Data Engineer

San Francisco
Member of Technical Staff
Data quality and quantity can make or break any machine learning application. Here at OpenAI we are looking for a data engineer to lead dataset creation, curation, and management for a wide variety of applied and research projects. You’ll be an integral part of a team of software and machine learning engineers and research scientists working on some of the most cutting-edge AI projects in the field.

You will:

    • Work with large and complex raw data sets from project start to finish
    • Develop and apply machine learning-based cleaning and curation techniques, innovating and pushing the boundaries of existing methods
    • Create, curate and sculpt new data sets and develop better systems for doing so
    • Develop and scale data architecture for your team and others
    • Design and build end to end data systems that can be scaled across the company
    • Work closely with ML Engineers, Software Engineers and Researchers on a daily basis

You’ll be a good fit for this role if you are:

    • Results-driven and enjoy working closely with a team
    • Comfortable and excited by working in large, distributed systems
    • Excited to develop and apply new and existing techniques
    • Familiar with the basics of machine learning
    • Engaged by OpenAI’s mission of building safe and beneficial artificial general intelligence.

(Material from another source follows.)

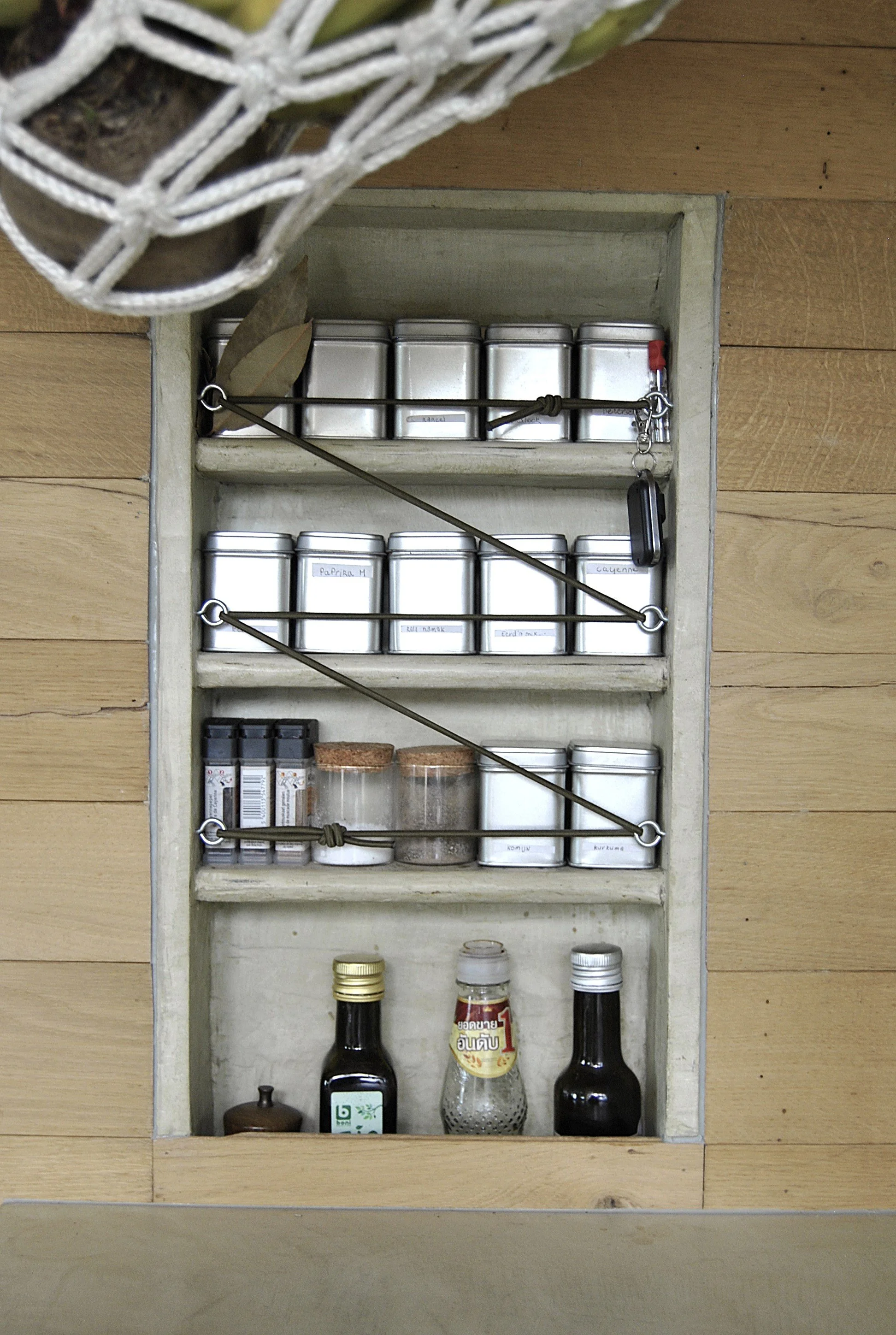 Hangmat voor het fruit en de groenten en een kruidenkastje in mortex ingebouwd in een houten wand in een camper.

    • Health, dental, and vision coverage for you and your family
    • Unlimited paid time off and generous parental leave
    • Lunch and dinner each day
    • 401(k) plan
About OpenAI

OpenAI's mission is to build safe artificial general intelligence (AGI), and ensure AGI's benefits are as widely and evenly distributed as possible. We expect AI technologies to be hugely impactful in the short-term, but their impact will be outstripped by that of the first AGIs.

We focus on long-term research, working on problems that require us to make fundamental advances in AI capabilities. By being at the forefront of the field, we can influence the conditions under which AGI is created. As Alan Kay said, "The best way to predict the future is to invent it."

We publish at top machine learning conferences, open-source software tools for accelerating AI research, and release blog posts to communicate our research. We will not keep information private for private benefit, but in the long term, we expect to create formal processes for keeping technologies private when there are safety concerns.